- The problem
Retype the listing exactly as it stands, and keep every image out.

------ Provided information

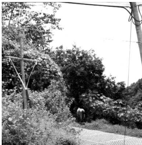
Figura 3 - Cruz a la salida del pueblo.
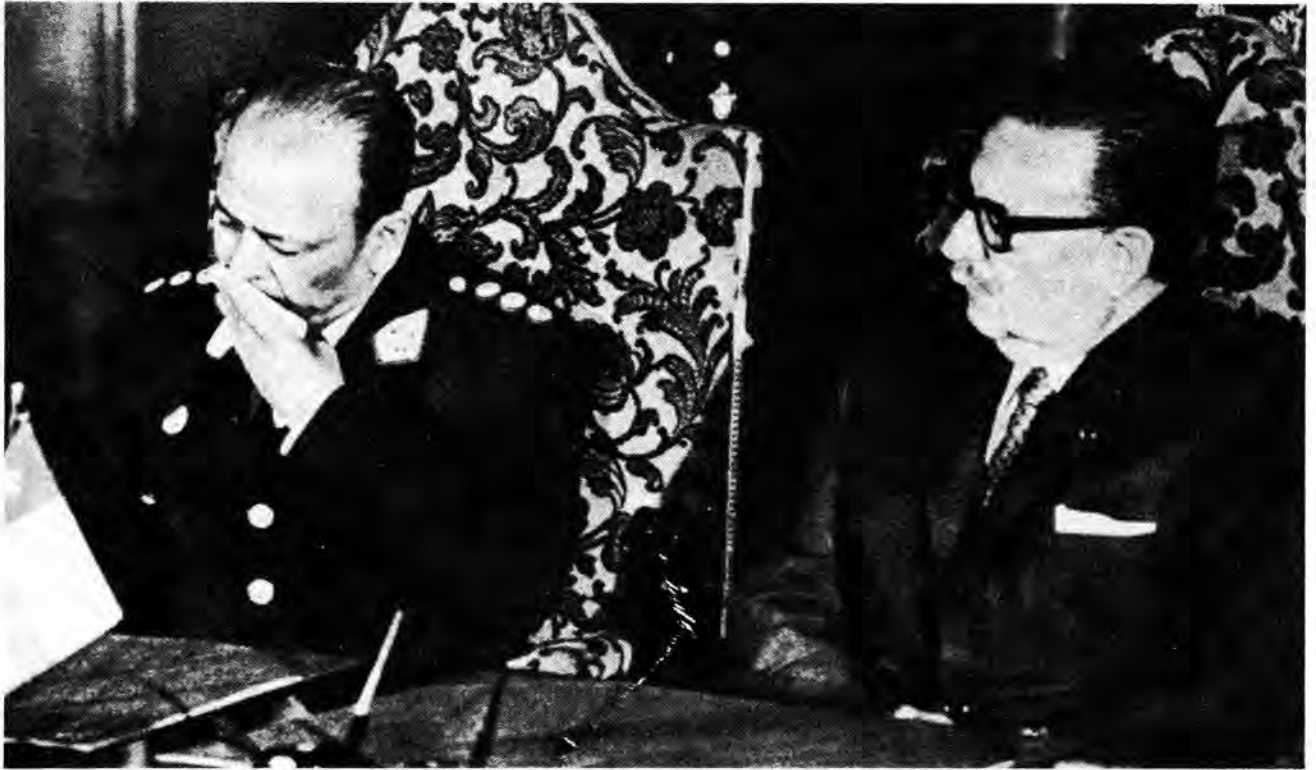
Presidente de Perú Juan Velasco A. y Presidente Salvador Allende.

Reafirma la vocación latinoamericana de defender los intereses de la región, de la paz y del derecho.
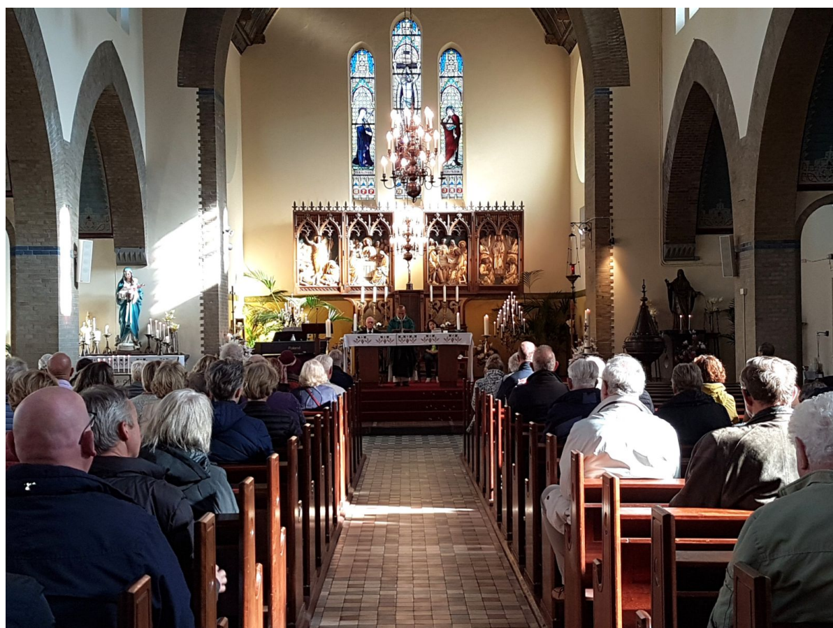
Tijdens de viering kunt u ook genieten van het mooie interieur met het
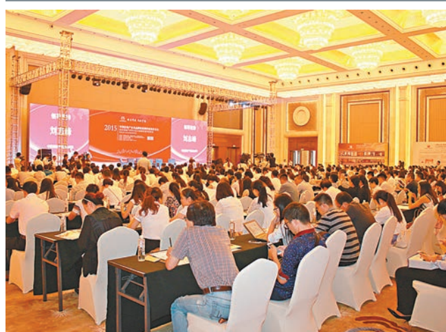
由中國房地產業協會等主辦的中國房企品牌價值測評在重慶發佈排行榜。

香港文匯報訊 昨天在重慶舉行的「2015中國房地產企業品牌價值測評成果發佈暨房地產品牌發展高峰論壇」上，揭曉了2015年內房品牌測評結果，中海、恒大、萬科分別以362.16億元(人民幣，下同)、320.67億元和307.15億元的品牌價值排行前三甲。從近兩年中國房地產品牌價值20強榜單來看，2014年至2015年連續兩次入選20強的企業共有18家，換榜率為10%。榜單前四位連續兩年皆由中海、恒大、萬科、保利包攬，10強其餘席位則主要由富力、綠地、龍湖、世茂等企業佔據。華夏幸福、遠洋地產、華潤、金融街以及陽光城憑借突出的業績表現和品牌塑造，排名均較2014年有所上升。
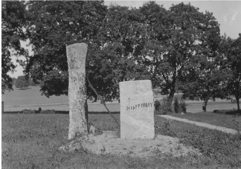
Plansch 94b. Ög 172 och Ög 171. Skärkinds gamla kyrka. Foto Nordén 1941. [Jansson skriver 1947: Kan användas om det förstoras om.]

------------

- Result of this exercise
Figura 3 - Cruz a la salida del pueblo.
Presidente de Perú Juan Velasco A. y Presidente Salvador Allende.

Reafirma la vocación latinoamericana de defender los intereses de la región, de la paz y del derecho.
Tijdens de viering kunt u ook genieten van het mooie interieur met het
由中國房地產業協會等主辦的中國房企品牌價值測評在重慶發佈排行榜。

香港文匯報訊 昨天在重慶舉行的「2015中國房地產企業品牌價值測評成果發佈暨房地產品牌發展高峰論壇」上，揭曉了2015年內房品牌測評結果，中海、恒大、萬科分別以362.16億元(人民幣，下同)、320.67億元和307.15億元的品牌價值排行前三甲。從近兩年中國房地產品牌價值20強榜單來看，2014年至2015年連續兩次入選20強的企業共有18家，換榜率為10%。榜單前四位連續兩年皆由中海、恒大、萬科、保利包攬，10強其餘席位則主要由富力、綠地、龍湖、世茂等企業佔據。華夏幸福、遠洋地產、華潤、金融街以及陽光城憑借突出的業績表現和品牌塑造，排名均較2014年有所上升。
Plansch 94b. Ög 172 och Ög 171. Skärkinds gamla kyrka. Foto Nordén 1941. [Jansson skriver 1947: Kan användas om det förstoras om.]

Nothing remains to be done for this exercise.